Despite lifting rare earths export quotas, China could still manipulate market

9th January 2015 By: Henry Lazenby - Creamer Media Deputy Editor: North America

Despite lifting rare earths export quotas, China could still manipulate market

Photo by: Bloomberg

TORONTO (miningweekly.com) – In the wake of recently lifting rare earths export quotas, China, the world’s largest producer of the specialty metals, is still expected to manipulate the global market through other means, favouring instead preferential treatment of domestic producers as it strives to create an economy based on value-added products rather than raw materials exports.

Market-focused research house Benchmark Mineral Intelligence on Friday explained that after the World Trade Organisation (WTO) early last year took China to task on several counts of export restrictions on rare earths, tungsten and molybdenum, it had lifted a long-standing quota that capped tonnages of exports.

The WTO complaint was originally raised in 2012 by the US and later saw the European Union, Japan and Canada join the case, claiming that China was deliberately conducting unfair business practices by restricting the irreplaceable elements to global competitors.

China, which produces about 85% of the global rare earths output, capped rare earths export volumes from as high as 50 145 t in 2009 to 30 611 t in 2014.

The rare earths industry was in a state of consolidation after a Chinese export clampdown prompted a rapid spike in prices in 2010/11. However, the global economic crisis and a flood of new supplies resulted in the subsequent collapse of prices in 2013. Prices had now stabilised and were expected to remain so in the long term.

Benchmark analyst Simon Moores believed that despite China axing the quotas, the global rare earths market dynamics would not fundamentally change and that China’s preferential treatment of domestic producers would continue by other means. 

“We expect China to refocus its efforts on restructuring the way it issues export licences to its producers and on simplifying its rare earths tax system.

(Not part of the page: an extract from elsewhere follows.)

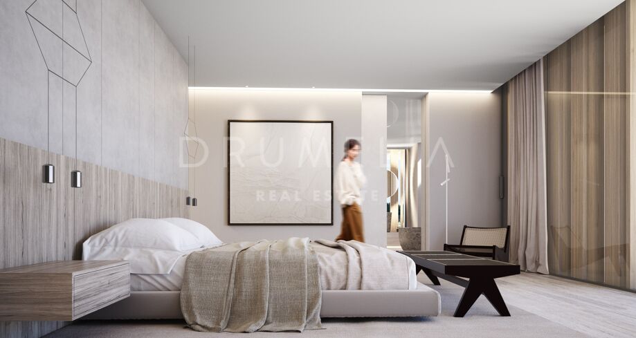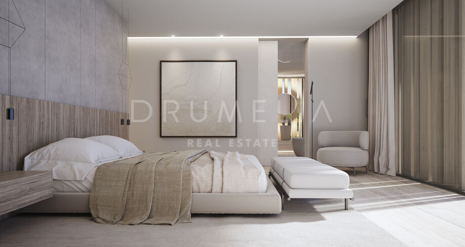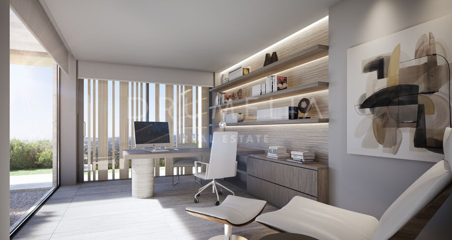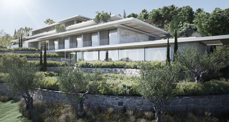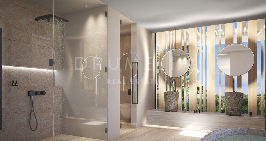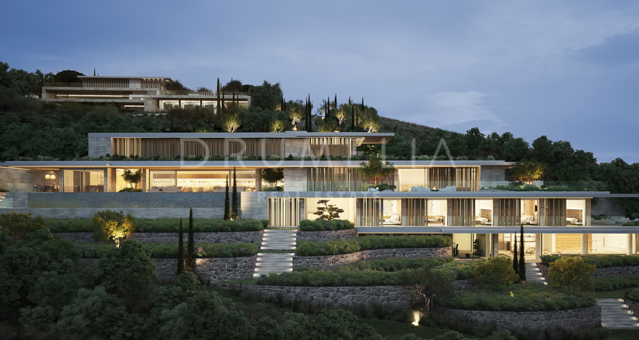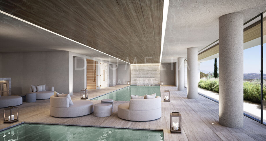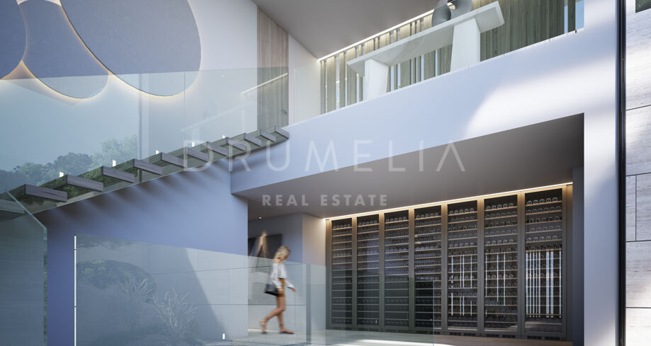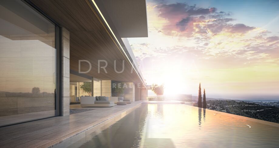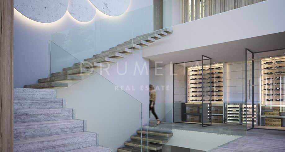This 1 848m² mansion with terraces of 590 m² will be built on a beautiful large plot of 4.405 m². Due to the natural elevation of the area, it will enjoy delightful views to the sea and La Reserva de Sotogrande surroundings. The stunning house has a very stylish contemporary design, while the natural materials such as stone and wood will make it warm and inviting. Interior patios will immediately add life, vitality and calm into the inside spaces. Providing respect to the environment, the eco-friendly exterior is perfectly balanced with the interior, which interacts dynamically with the garden landscape, where the native species of southern Andalusia, olive trees, cypress, cork oak, lavender and rosemary allow nature to express itself.

“Without a licence, companies are banned from exporting. Beijing still controls this vital bottleneck of the supply chain, therefore, whether it caps exports at the port or controls the number of export licences issued, the result is the same; restricted supply of rare earths to the rest of the world,” Moores commented in a statement.

He pointed out that China had achieved this in several other critical mineral industries in the past and, while rare earths was the most extreme of all, the principle was no different in the eyes of the country's governing bodies.

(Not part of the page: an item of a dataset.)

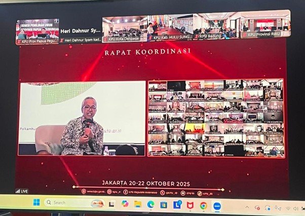 Wamena – Komisi Pemilihan Umum (KPU) menggelar Rapat Koordinasi Pengawasan dalam rangka peningkatan dan penguatan kinerja pengawasan di lingkungan KPU, KPU Provinsi dan KPU Kabupaten/Kota pada hari Selasa, 21 Oktober 2025 yang dihadiri oleh Bapak. Bernad Dermawan Sutrisno selaku Sekretaris Jendral Komisi Pemilihan Umum Republik Indonesia, Ibu. Iffa Rosita selaku Komisioner Divisi Hukum dan Pengawasan, Bapak Agus Filma selaku Sekretaris KPU Provinsi Papua Pegunungan dan seluruh jajaran pejabat maupun pegawai di lingkungan KPU RI, KPU Provinsi dan KPU Kabupaten/Kota melalui tatap muka dan Zoom.
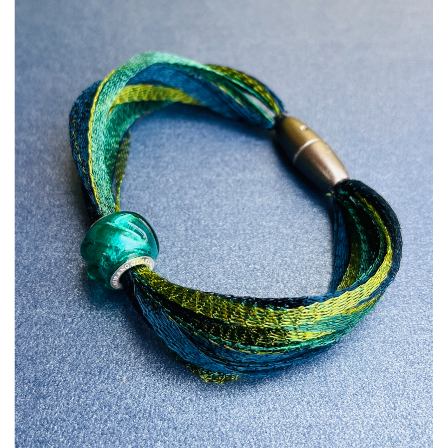 Murano glass bead dots verde with sterling silver wirelace ribbon. Magnetic clasp. 7 1/2 x 1/2 in/

Further, there was speculation about whether Western joint venture (JV) companies would be allocated export licences.

Moores noted that the move also offered China a chance to simplify its rare earths tax.

“It will be of great interest to the industry to see what the new taxation will look like and whether it will be different for 100% Chinese-owned operations and international JVs,” he said, adding that these factors would create short-term market uncertainty as the industry waited to see how it played out.

“In the long term, China’s stance of redirection of rare earths towards domestic consumption is likely to remain the same and consistent with its plan to create an economy based on value-added products and not raw materials.”